## YOUR INSTRUCTIONS
Return the lines of the data below starting at the one holding "Standing at 2,000" and ending at the one holding "tan and blue shed 240", word for word, leaving every picture out.

## DATASET RECORDS

════════

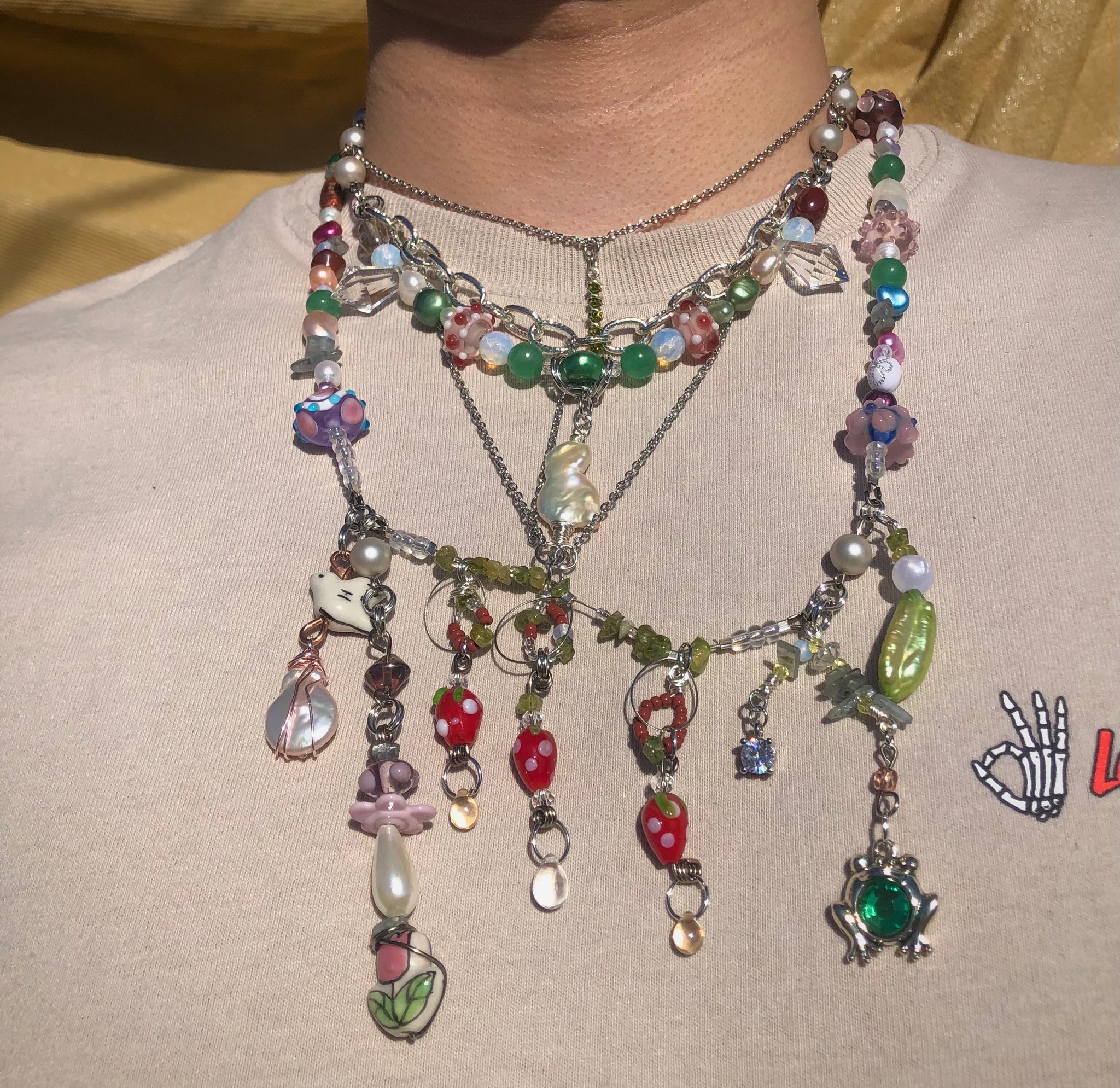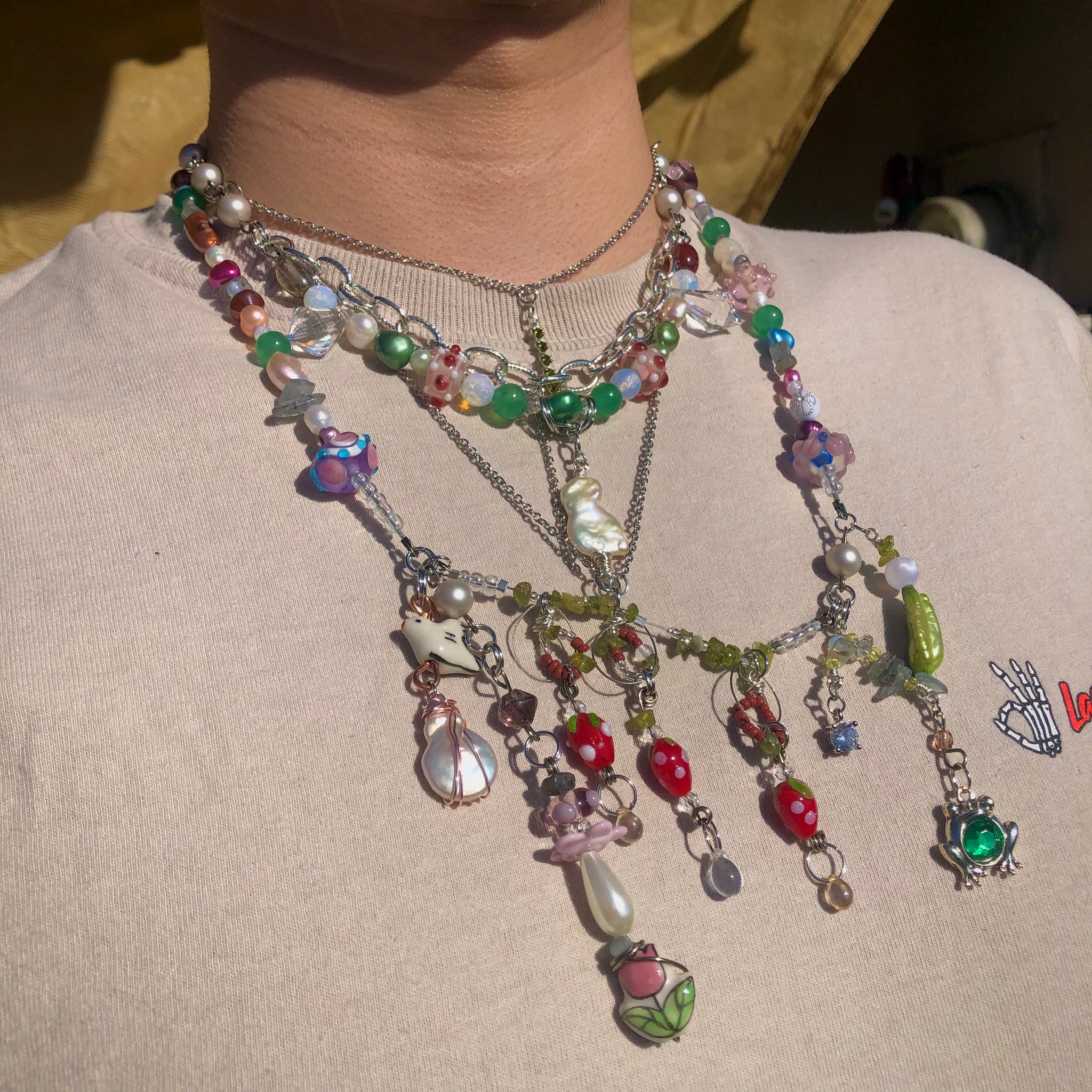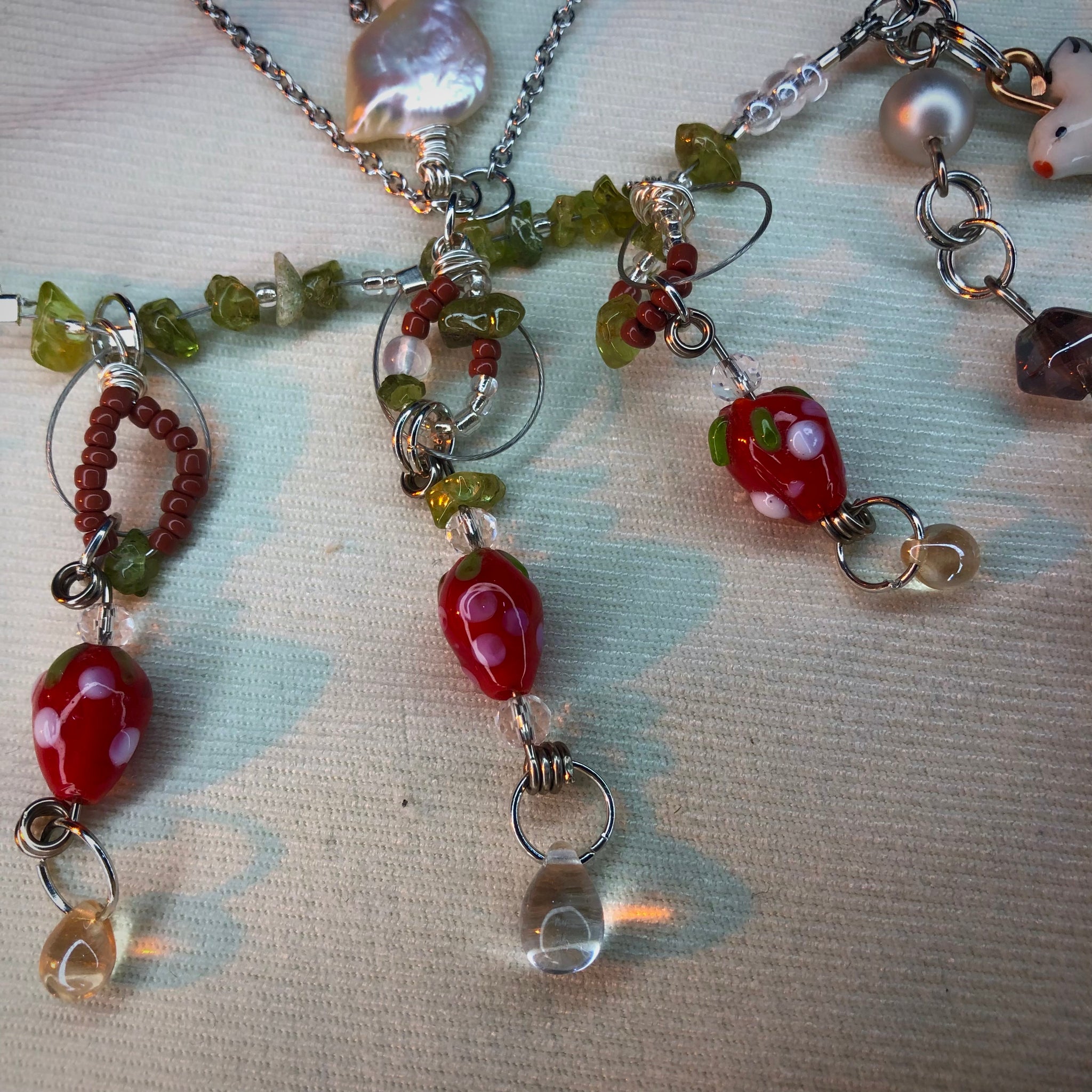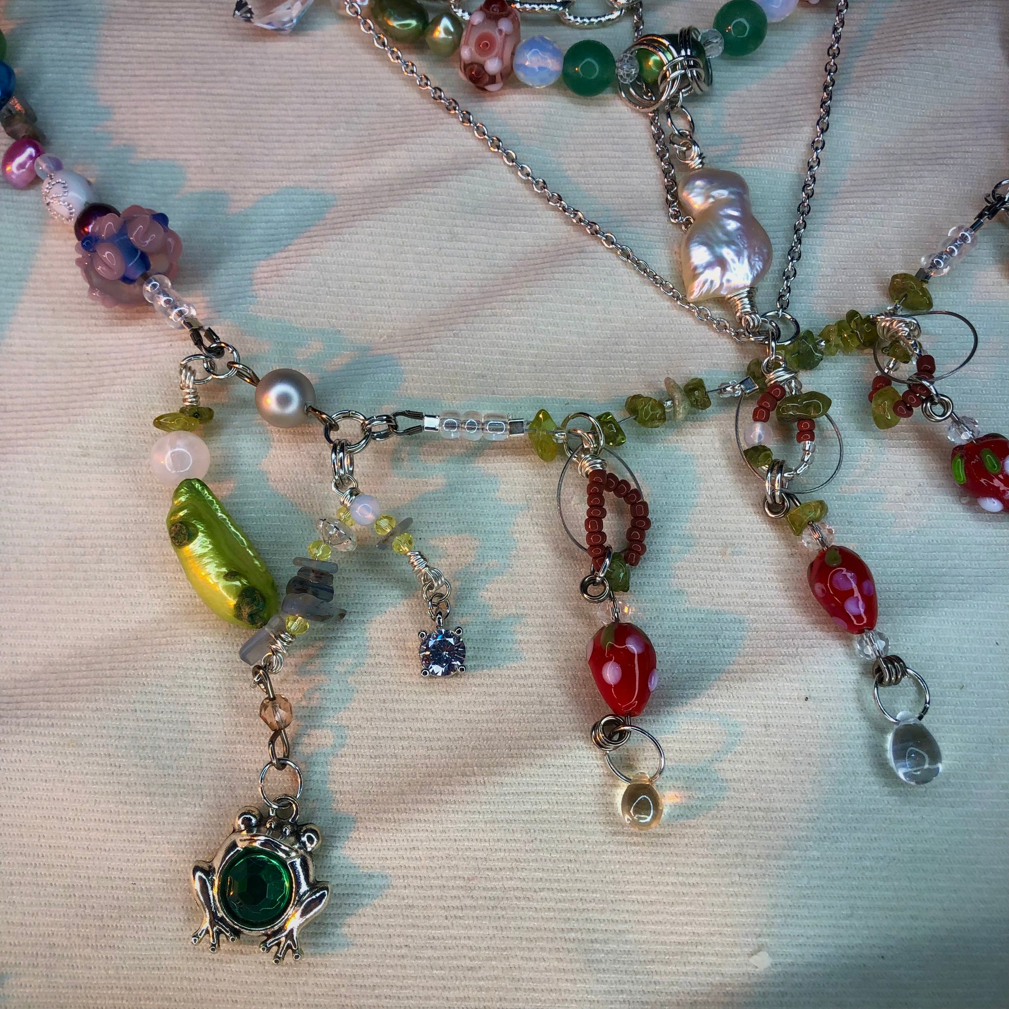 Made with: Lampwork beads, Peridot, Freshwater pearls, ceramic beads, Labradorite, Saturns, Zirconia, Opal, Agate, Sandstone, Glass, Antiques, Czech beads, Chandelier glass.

════════

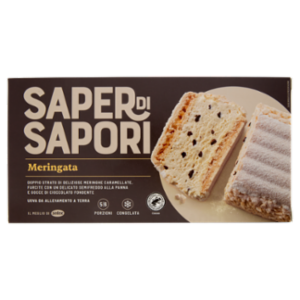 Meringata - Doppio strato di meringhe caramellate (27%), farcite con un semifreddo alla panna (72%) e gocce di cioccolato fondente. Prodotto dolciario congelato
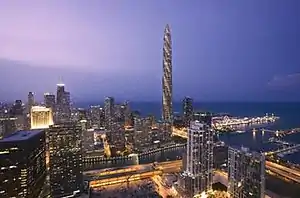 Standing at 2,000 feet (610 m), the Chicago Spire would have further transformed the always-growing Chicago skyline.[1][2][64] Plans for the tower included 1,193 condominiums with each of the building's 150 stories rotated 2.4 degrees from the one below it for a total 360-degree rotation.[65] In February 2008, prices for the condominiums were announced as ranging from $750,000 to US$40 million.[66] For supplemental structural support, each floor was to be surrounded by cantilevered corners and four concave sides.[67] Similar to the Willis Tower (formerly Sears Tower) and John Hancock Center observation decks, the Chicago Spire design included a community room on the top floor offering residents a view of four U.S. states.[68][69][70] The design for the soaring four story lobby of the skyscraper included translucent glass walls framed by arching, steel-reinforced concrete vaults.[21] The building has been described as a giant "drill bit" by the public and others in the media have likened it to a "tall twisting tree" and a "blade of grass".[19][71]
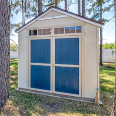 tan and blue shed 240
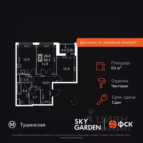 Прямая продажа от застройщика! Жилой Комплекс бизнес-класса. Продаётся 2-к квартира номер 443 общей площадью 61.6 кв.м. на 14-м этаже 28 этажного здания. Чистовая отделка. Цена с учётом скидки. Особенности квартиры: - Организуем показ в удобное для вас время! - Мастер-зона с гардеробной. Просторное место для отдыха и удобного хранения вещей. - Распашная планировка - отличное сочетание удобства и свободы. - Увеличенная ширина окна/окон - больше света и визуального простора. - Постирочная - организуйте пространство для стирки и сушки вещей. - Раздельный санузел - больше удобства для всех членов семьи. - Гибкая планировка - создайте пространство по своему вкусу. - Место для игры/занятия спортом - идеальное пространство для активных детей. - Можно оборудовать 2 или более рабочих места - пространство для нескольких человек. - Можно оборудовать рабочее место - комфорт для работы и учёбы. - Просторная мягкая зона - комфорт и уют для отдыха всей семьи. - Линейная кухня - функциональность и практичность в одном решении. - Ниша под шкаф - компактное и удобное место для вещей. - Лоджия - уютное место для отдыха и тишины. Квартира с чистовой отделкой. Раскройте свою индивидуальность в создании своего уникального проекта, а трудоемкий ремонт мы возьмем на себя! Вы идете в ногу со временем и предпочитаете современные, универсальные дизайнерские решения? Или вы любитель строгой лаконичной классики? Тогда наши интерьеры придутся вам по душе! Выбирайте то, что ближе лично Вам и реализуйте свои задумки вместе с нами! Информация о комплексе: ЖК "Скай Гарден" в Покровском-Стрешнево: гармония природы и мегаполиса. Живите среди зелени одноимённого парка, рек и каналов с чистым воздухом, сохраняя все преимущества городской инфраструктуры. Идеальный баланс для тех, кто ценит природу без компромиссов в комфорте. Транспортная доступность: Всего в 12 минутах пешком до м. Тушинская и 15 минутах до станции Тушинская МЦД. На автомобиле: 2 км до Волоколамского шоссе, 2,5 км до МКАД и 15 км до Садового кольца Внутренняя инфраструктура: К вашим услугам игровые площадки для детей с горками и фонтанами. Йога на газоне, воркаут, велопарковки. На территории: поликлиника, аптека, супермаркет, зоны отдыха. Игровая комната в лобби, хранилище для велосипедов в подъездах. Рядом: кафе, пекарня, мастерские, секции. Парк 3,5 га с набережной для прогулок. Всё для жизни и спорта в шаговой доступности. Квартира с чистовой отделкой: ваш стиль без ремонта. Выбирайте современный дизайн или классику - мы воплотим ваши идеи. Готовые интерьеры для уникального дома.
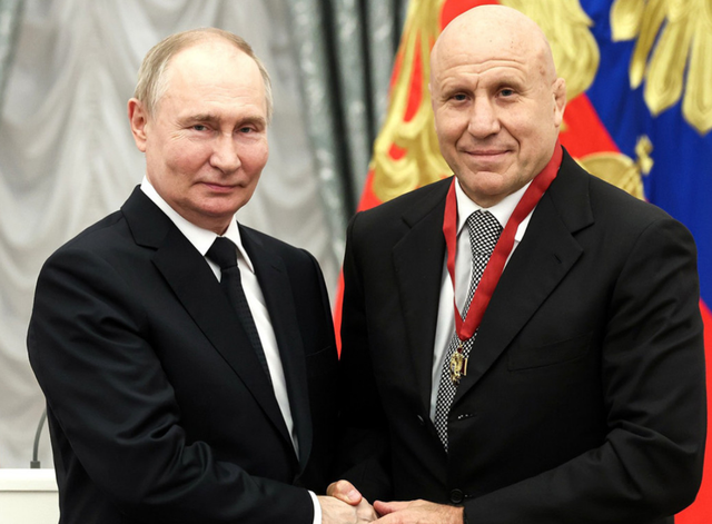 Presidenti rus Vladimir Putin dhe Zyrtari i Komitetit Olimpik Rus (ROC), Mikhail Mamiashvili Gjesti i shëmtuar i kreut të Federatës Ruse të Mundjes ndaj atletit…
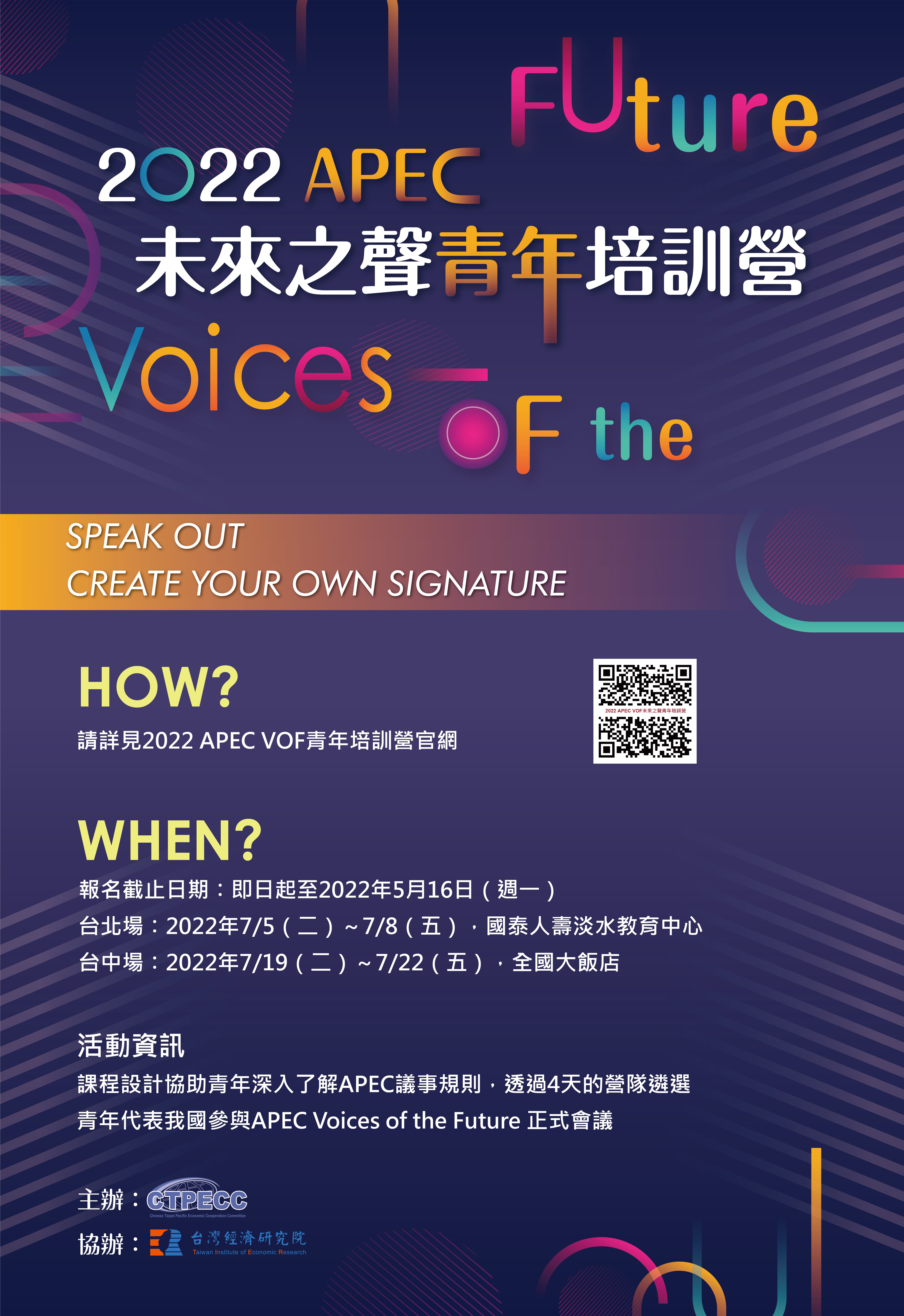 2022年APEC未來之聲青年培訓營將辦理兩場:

════════

## ANSWER FOR THE TASK
 Standing at 2,000 feet (610 m), the Chicago Spire would have further transformed the always-growing Chicago skyline.[1][2][64] Plans for the tower included 1,193 condominiums with each of the building's 150 stories rotated 2.4 degrees from the one below it for a total 360-degree rotation.[65] In February 2008, prices for the condominiums were announced as ranging from $750,000 to US$40 million.[66] For supplemental structural support, each floor was to be surrounded by cantilevered corners and four concave sides.[67] Similar to the Willis Tower (formerly Sears Tower) and John Hancock Center observation decks, the Chicago Spire design included a community room on the top floor offering residents a view of four U.S. states.[68][69][70] The design for the soaring four story lobby of the skyscraper included translucent glass walls framed by arching, steel-reinforced concrete vaults.[21] The building has been described as a giant "drill bit" by the public and others in the media have likened it to a "tall twisting tree" and a "blade of grass".[19][71]
 tan and blue shed 240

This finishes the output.